Zeitplan, Governance und Finanzzahlen
Bei der Projektgovernance sieht die EFK grosse Mängel. Trotz einer neuen Governance, die im Frühling 2022 angeordnet worden sei, sei hier noch einiges zu tun. Auch beim externen Qualitäts- und Risikomanagement gebe es Nachholbedarf. Richtig abenteuerlich wird es aber offenbar beim Reporting und der Berichterstattung. Die EFK schreibt deutlich: "Besonders unzuverlässig sind die Finanzzahlen." Statt diese aus dem ERP-System SAP zu beziehen, müsse man sich auf eine Exceldatei des Projektleiters und ein fehlerhaftes Projektmanagement-Tool verlassen.

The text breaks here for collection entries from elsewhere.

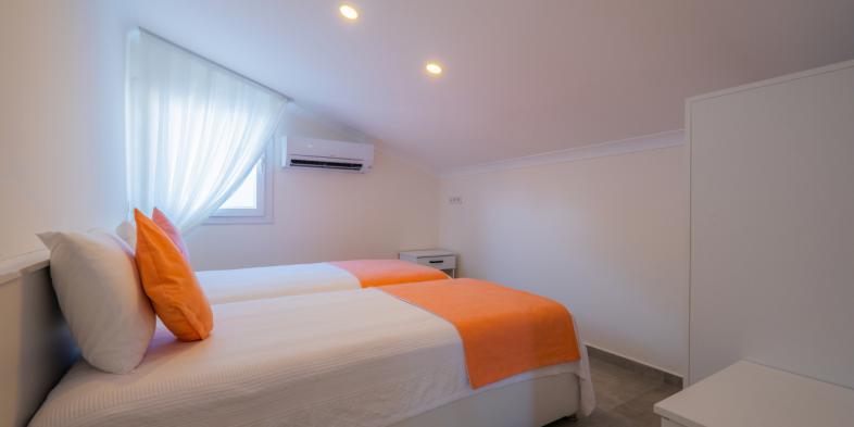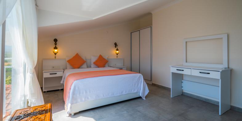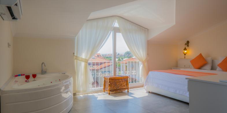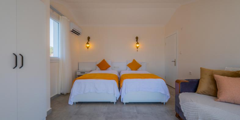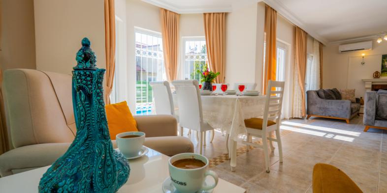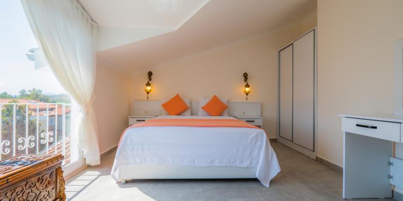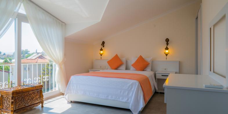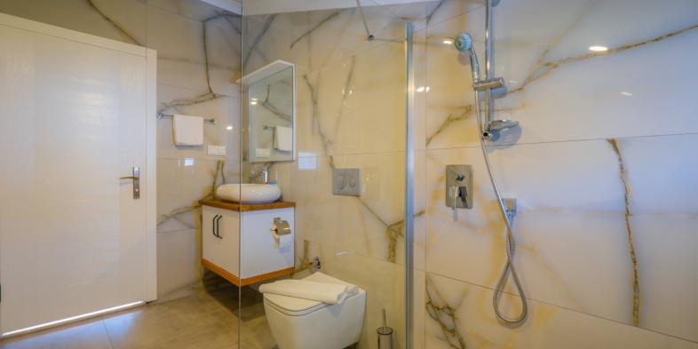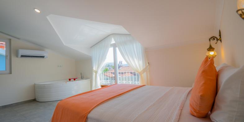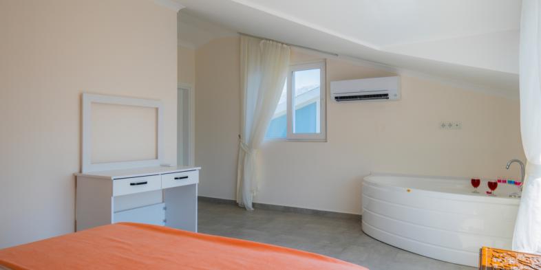For a unique holiday experience in Fethiye, Calis, if you want to experience a holiday where comfort and peace are felt at all times, you will find exactly what you are looking for in White Diamond Villa! White Diamond Villa has a capacity of twelve guests in five bedrooms. Each room of the villa, which has four bathrooms in total, is designed as a suite. There is a jacuzzi in one of the bedrooms in this unique villa, where every detail is included for your comfort.
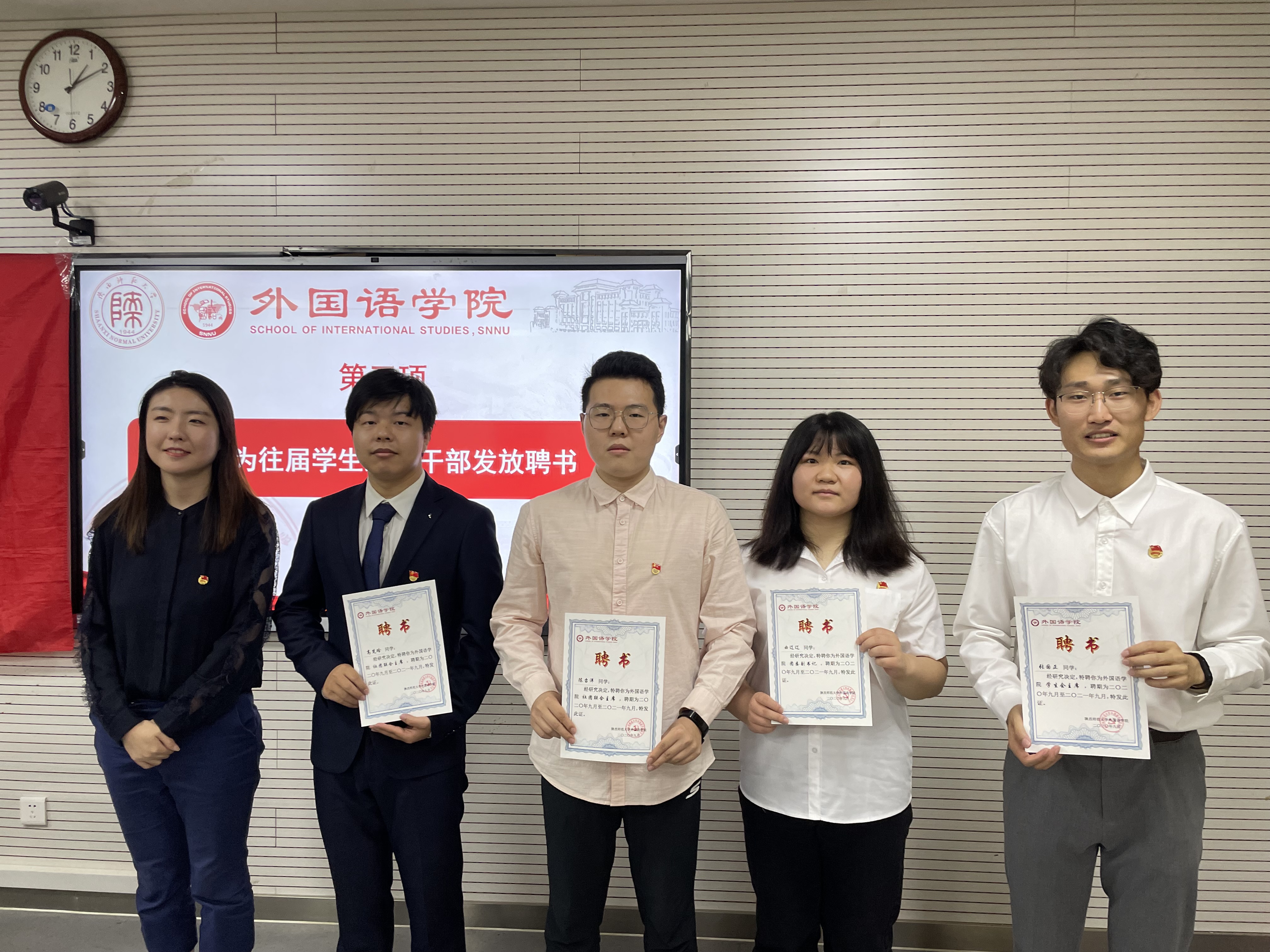 李丹为往届学生组织干部张国正、曲辽辽、陈召洋、高楚晗发放聘书,肯定他们在任期间的优秀工作,希望他们在毕业之后到更广阔的舞台施展才能、成就自我。
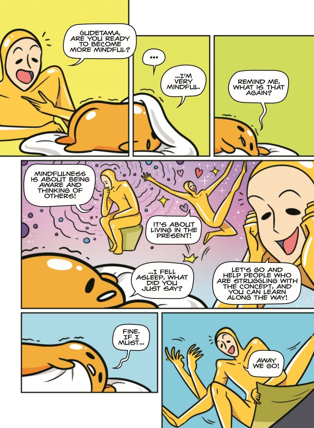 Empathizing with others, understanding your feelings, learning to be selfless: these all sound like really hard things to do! Well, fear not: Come along with Gudetama, who'll guide your way to learning things and more. Living selflessly is something many struggle with. Don't worry, Gudetama does too, and wants to join you on your journey in finding the wonders of mindfulness.
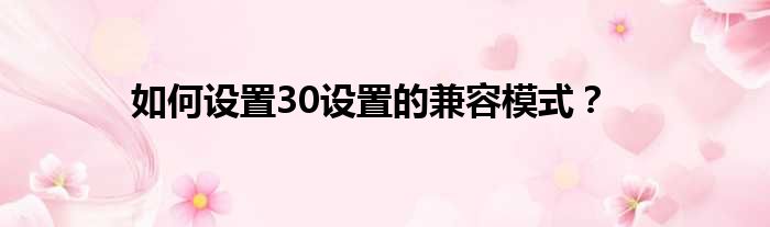 大家好,今天小六子来为大家解答以下的问题,关于如何设置30设置的兼容模式?这个很多人还不知道,现在让我们一起来看看吧!
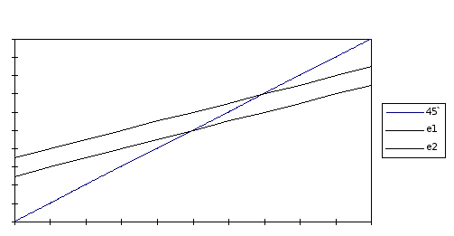Допустим, что процентная ставка равна нулю, и что абсолютный уровень цен перед началом первого периода снизился. Это значит, что реальная стоимость активов (денег, облигаций) в начале первого периода увеличивается. Это ведет к параллельному сдвигу бюджетной линии вправо, хотя доход в первом периоде не меняется. Устанавливается новое равновесие - E3, как показано на рисунке 3.
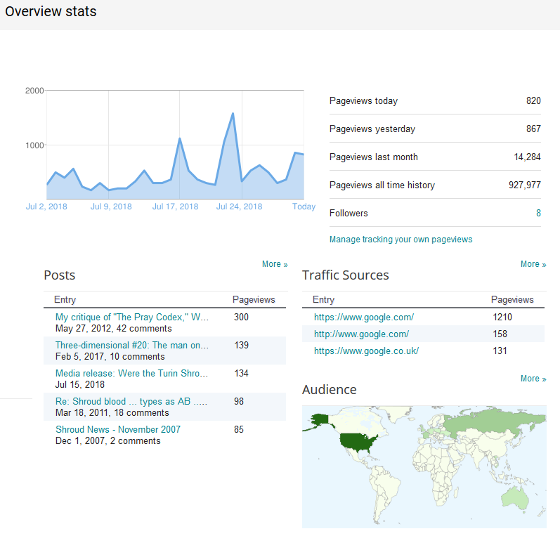 compares with 777,560 (up 150,417 or 19.3%) from the same time in July 2017. It also gave the most viewed posts for the month (highest uppermost) as: "My critique of `The Pray Codex,' Wikipedia, 1 May 2011.," May 27, 2012 - 300; "Three-dimensional #20: The man on the Shroud: The evidence is overwhelming that the Turin Shroud is authentic!," Feb 5, 2017 - 139; "Media release: Were the Turin Shroud radiocarbon dating laboratories duped by a computer hacker?," Jul 15, 2018, 134;"Re: Shroud blood ... types as AB ... aged blood always types as AB, so the significance of this ... is unclear," Mar 18, 2011 - 98 and "Shroud News - November 2007," Dec 1, 2007 - 85.

Kalkulation der Kosten. Grafik aus dem EFK-Bericht
Die Nachkalkulationen der EFK hätten gezeigt, dass die Addition der Kosten bis 2021 um 12 Millionen zu tief ausgefallen sei. Zudem sei die Berechnung der voraussichtlichen Kosten bis 2024 und nachfolgende Jahre um 96,1 Millionen Franken zu tief ausgefallen. Sie dürften 582,3 Millionen statt 486,2 Millionen Franken betragen. "Das GS-VBS beschloss nach eigenen Auskünften damals, diesen Fehler den Berichtsempfängern nicht offenzulegen, da aus seiner Sicht unwesentlich", so die EFK. Und das in einem Projekt, dessen Kredite vom Parlament genehmigt werden müssen.
Nun schreibt die EFK: Es sei zwingend, dass das Parlament über die finanziellen Aufwände korrekt informiert werde. Das VBS hat die Empfehlungen der Finanzkontrolle vollumfänglich akzeptiert. Das Generalsekretariat hat die Verantwortlichkeiten für das Controlling und Portfoliomanagement neu geregelt, das aktuelle Berichtswesen wird nach eigenen Angaben derzeit analysiert. Aber erst Mitte 2025 soll die neue Struktur umgesetzt sein.